Records excerpted from a collection>

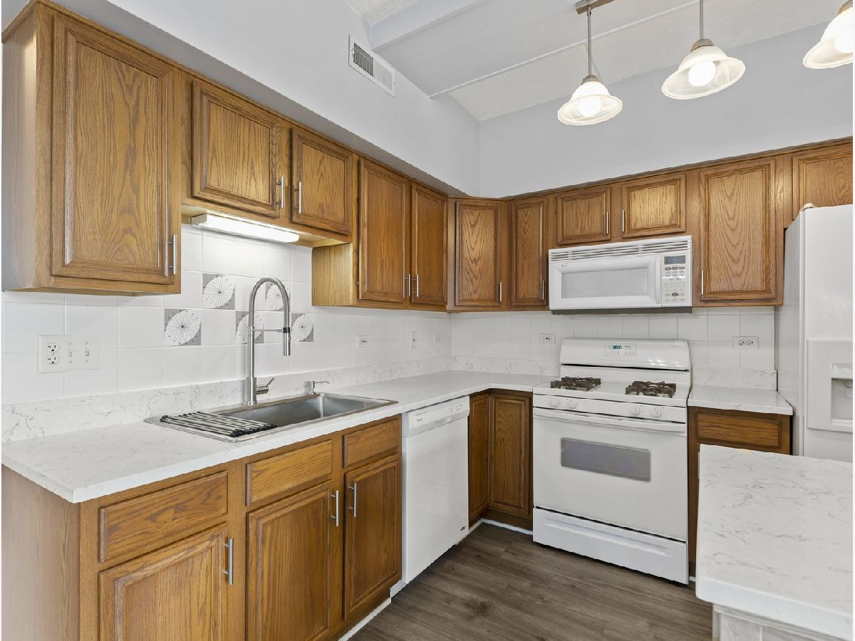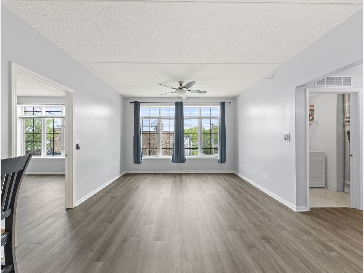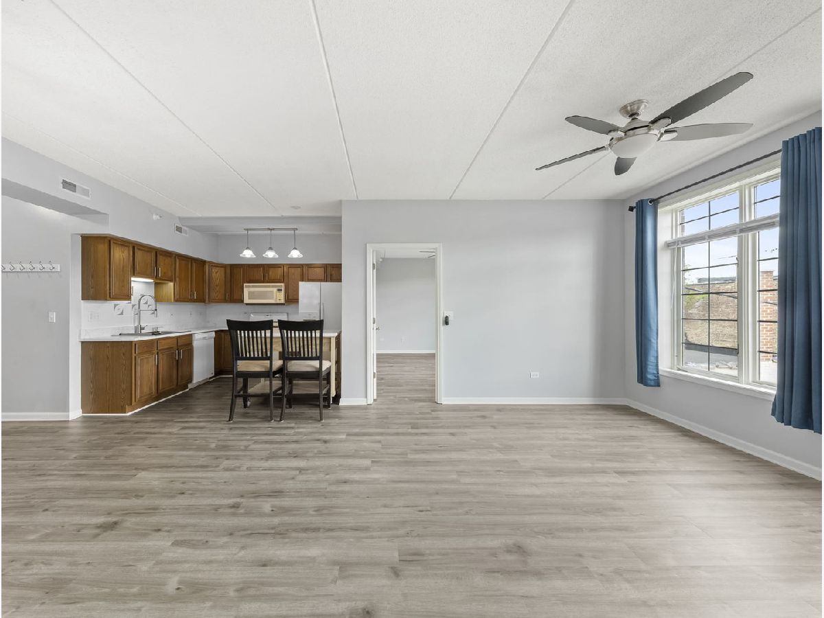 COMMUTER'S DREAM!!...steps away from the train and all the amenities offered in downtown Lombard. This non-smoking building offers a spacious floor plan with 9ft ceilings and new on trend vinyl floors. Enjoy perfect for entertaining in the sunny living room/dining room with easy access to the open kitchen and mobile island. Kitchen features newer appliances and high end quartz countertops. Separate bedrooms are perfect for visitors or private office. The large, bright primary bedroom features an en-suite bathroom with separate shower and soaker tub. In-unit laundry with full-size washer/dryer. Tons of closet space and even window treatments with blackout blinds. This elevator building also has an additional storage unit in the basement. Enjoy a PRIVATE one car garage plus one outside space. Enjoy all the parks, shopping, and restaurants that Lombard has to offer. City living in the suburbs!
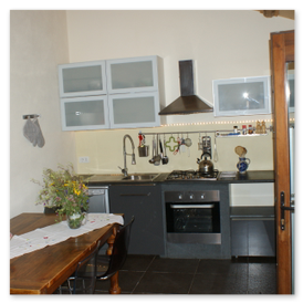- Küche: Induktion, Backofen, Kühlschrank/Gefrierfach, Spülmaschine, Wasserkocher, Toaster, Espressomaschine, Grundgewürze
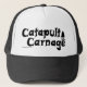 Casquette noir et blanc de boule, comportant le logo pour le carnage de catapulte de présentation horizontale sur microfilm par Justin Swanson et le caractère James.
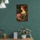 The painting balances romance with restraint. Waterhouse lets texture do much of the storytelling, from the velvety petals to the shimmering fabric of her dress, where greens and blues mingle with earthy golds. The overall mood is tender and contemplative, like a moment suspended between perfume and silence, inviting you to imagine the unspoken thought behind her calm expression.
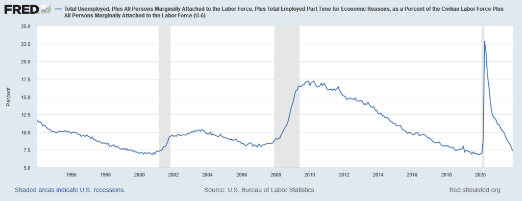 But I don’t think the effects on the labor market will be so transitory. The strikes and quits we’ve been seeing lately really are at a historic level, and they are likely to have a long-lasting effect on how work is organized. Employers are panicking about having to raise wages and whining about how “no one wants to work” (meaning, of course, no one wants to work at the current wage and conditions on offer). The correct response is the one from Goodfellas [language warning].
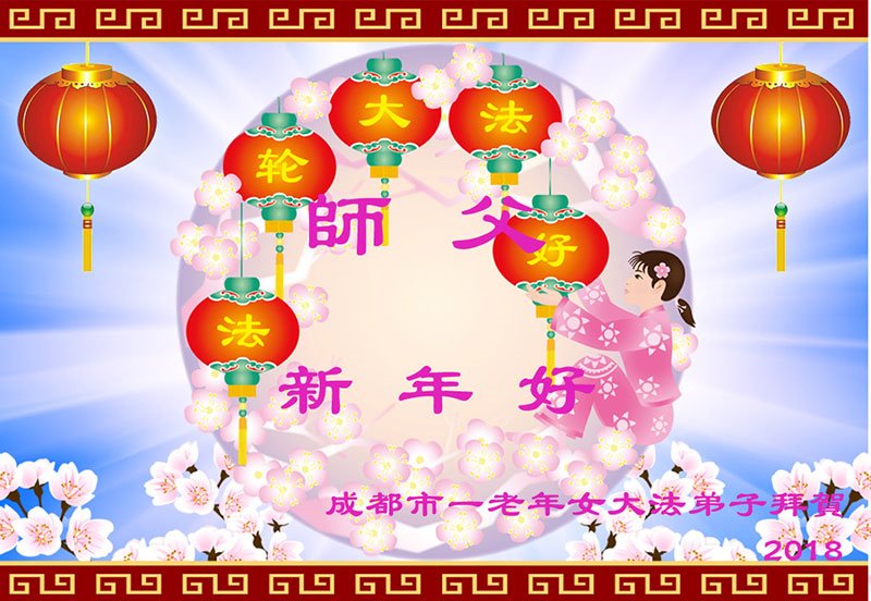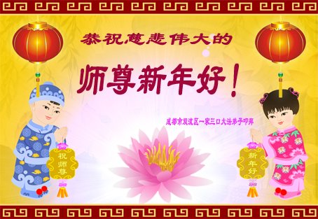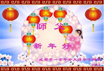 四川省成都一老年女大法弟子恭祝慈悲偉大的師父新年好!
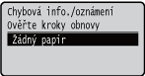 Ukazuje podrobné informace o vzniklých chybách. Více informací viz „Odstraňování problémů (FAQ)“ na webu s online příručkami.
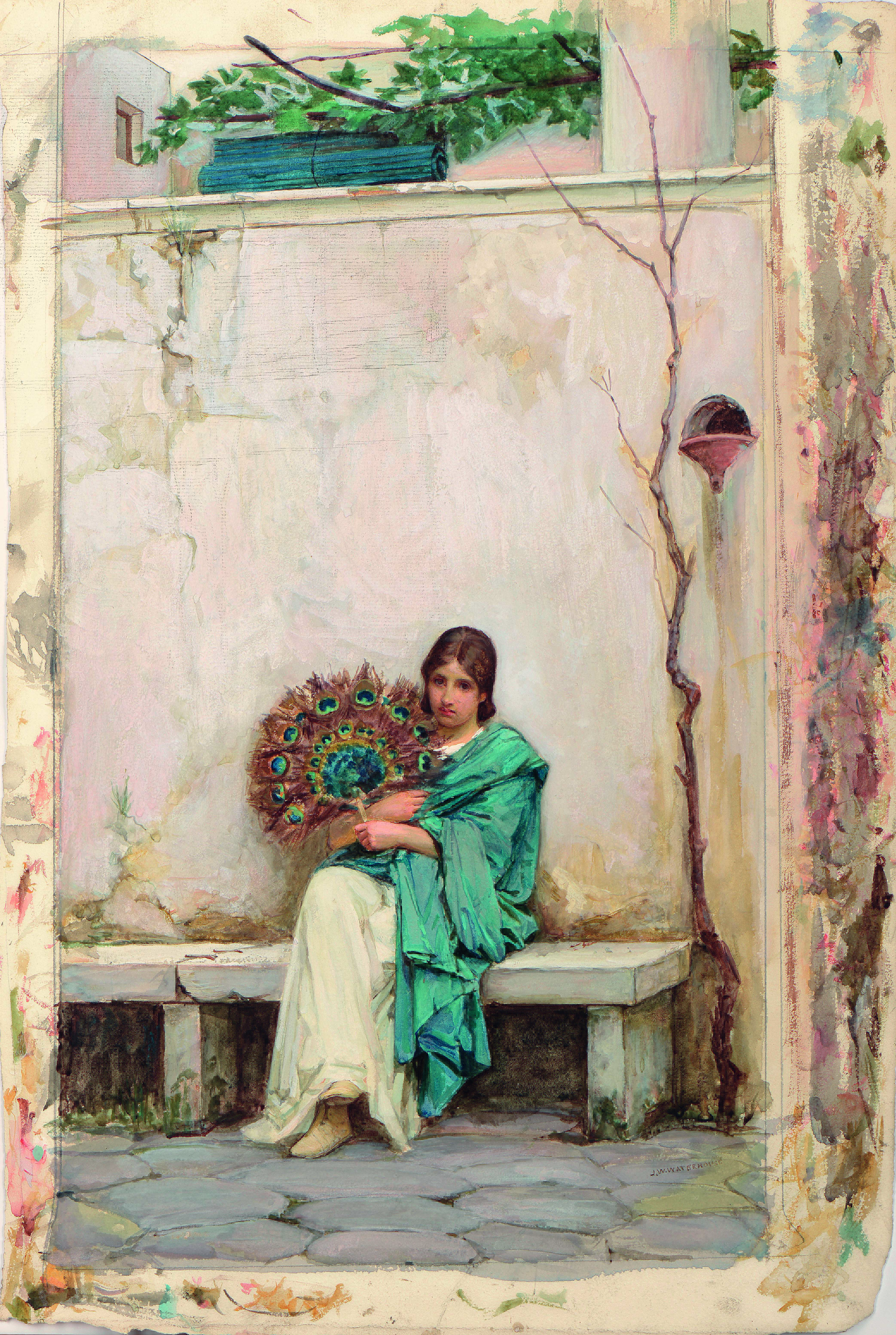 Between 1877 and his marriage in 1883 Waterhouse made several trips to Italy, and this charming watercolour would seem to have been inspired by his travels. Sent by the artist to the annual watercolour exhibition at the artist-run Dudley Gallery in London in 1879, the present sheet was singled out in a review in The Illustrated London News, which noted that ‘Delicate artistic qualities are noticeable in “Day Dreams” (615), by J. W. Waterhouse – an Italian girl seated against a white wall, holding a fan of peacock’s feathers.’ Long thought to be lost and only recently rediscovered, this watercolour has remained unseen since the Dudley Galley exhibition in 1879.

BRIEF>
Where an entry contains an image, skip the image and write out the rest exactly.

EXPECTED ANSWER>
 COMMUTER'S DREAM!!...steps away from the train and all the amenities offered in downtown Lombard. This non-smoking building offers a spacious floor plan with 9ft ceilings and new on trend vinyl floors. Enjoy perfect for entertaining in the sunny living room/dining room with easy access to the open kitchen and mobile island. Kitchen features newer appliances and high end quartz countertops. Separate bedrooms are perfect for visitors or private office. The large, bright primary bedroom features an en-suite bathroom with separate shower and soaker tub. In-unit laundry with full-size washer/dryer. Tons of closet space and even window treatments with blackout blinds. This elevator building also has an additional storage unit in the basement. Enjoy a PRIVATE one car garage plus one outside space. Enjoy all the parks, shopping, and restaurants that Lombard has to offer. City living in the suburbs!
- Küche: Induktion, Backofen, Kühlschrank/Gefrierfach, Spülmaschine, Wasserkocher, Toaster, Espressomaschine, Grundgewürze
 Casquette noir et blanc de boule, comportant le logo pour le carnage de catapulte de présentation horizontale sur microfilm par Justin Swanson et le caractère James.
 The painting balances romance with restraint. Waterhouse lets texture do much of the storytelling, from the velvety petals to the shimmering fabric of her dress, where greens and blues mingle with earthy golds. The overall mood is tender and contemplative, like a moment suspended between perfume and silence, inviting you to imagine the unspoken thought behind her calm expression.
 But I don’t think the effects on the labor market will be so transitory. The strikes and quits we’ve been seeing lately really are at a historic level, and they are likely to have a long-lasting effect on how work is organized. Employers are panicking about having to raise wages and whining about how “no one wants to work” (meaning, of course, no one wants to work at the current wage and conditions on offer). The correct response is the one from Goodfellas [language warning].
 四川省成都一老年女大法弟子恭祝慈悲偉大的師父新年好!
 Ukazuje podrobné informace o vzniklých chybách. Více informací viz „Odstraňování problémů (FAQ)“ na webu s online příručkami.
 Between 1877 and his marriage in 1883 Waterhouse made several trips to Italy, and this charming watercolour would seem to have been inspired by his travels. Sent by the artist to the annual watercolour exhibition at the artist-run Dudley Gallery in London in 1879, the present sheet was singled out in a review in The Illustrated London News, which noted that ‘Delicate artistic qualities are noticeable in “Day Dreams” (615), by J. W. Waterhouse – an Italian girl seated against a white wall, holding a fan of peacock’s feathers.’ Long thought to be lost and only recently rediscovered, this watercolour has remained unseen since the Dudley Galley exhibition in 1879.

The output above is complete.